As on Freenet or ZeroNet, they wanted it to have functions like social networking, messaging, email, and website publishing, but the ability to do all of these anonymously. The network used OpenVPN, tinc, Quagga, BIRD, and QuickTun. OpenVPN and QuickTun were used to quickly connect nodes to one another, while BIRD and Quagga were used to exchange routing information with others on the network, allowing all peers to connect to each other easily.

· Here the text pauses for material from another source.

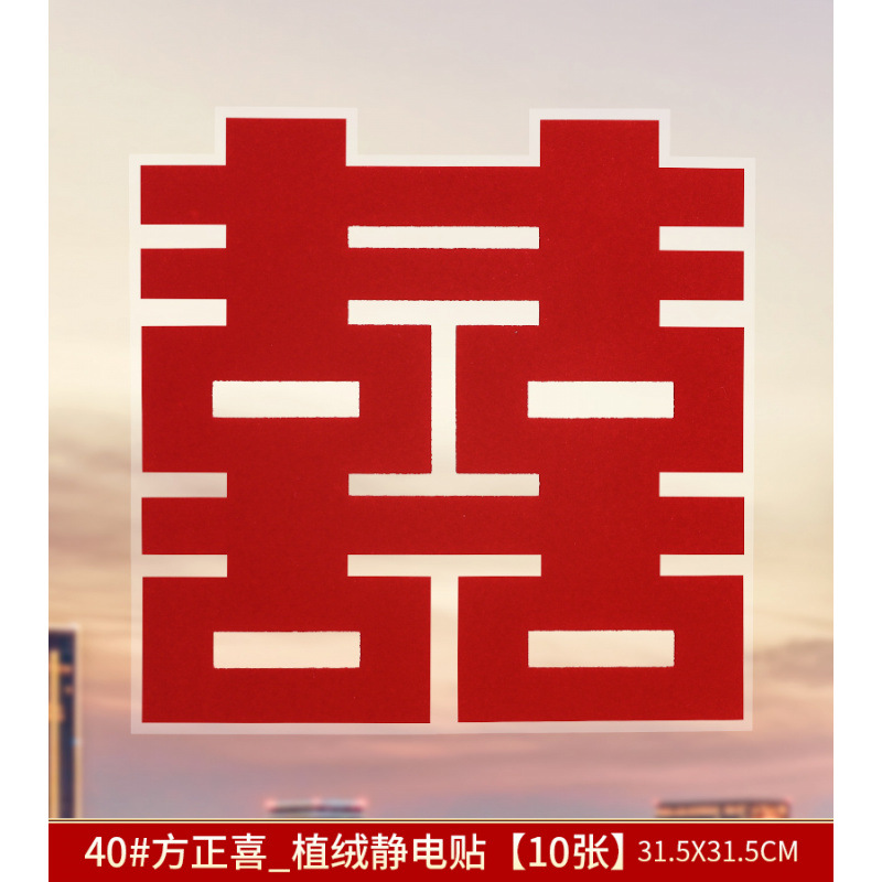 40# square double happiness_flocking static sticker [10 sheets]]

What I’m not entirely sure of is if you can still connect to the network at all, since various sources have listed it as defunct. It may be similar to Osiris, in that it isn’t actively being developed, but the software is still available.

Umbra

overview_wallet

Umbra, like Osiris, isn’t really defunct, but it isn’t being actively developed. It was a division of The Shadow Project, the creators of the ShadowCash cryptocurrency.

It could be used for anonymous chat, messaging, email, and hosting websites (much like Freenet or ZeroNet). I haven’t had the chance to use it yet myself, but I would enjoy just playing around with it, if for no other reason than learning…and fun!

StealthNet

stealthnet

StealthNet was an anonymous P2P filesharing network, based on an earlier model, called RShare. Like many other P2P networks, traffic was routed through other nodes in the network, helping to keep users anonymous.

For better or worse, this project, too, has been discontinued. If you’re just curious about it, however, it looks as though you can download the software. It’s unlikely that there will be many (if any) peers to connect to, which kind of defeats the purpose of a P2P network!

Anyhow…

Despite the fact that these networks have been discontinued, I expect that others like them are being developed right now, or will be in the future.

As I always say, if you’re a budding developer, why don’t you create one? It could eventually be something big!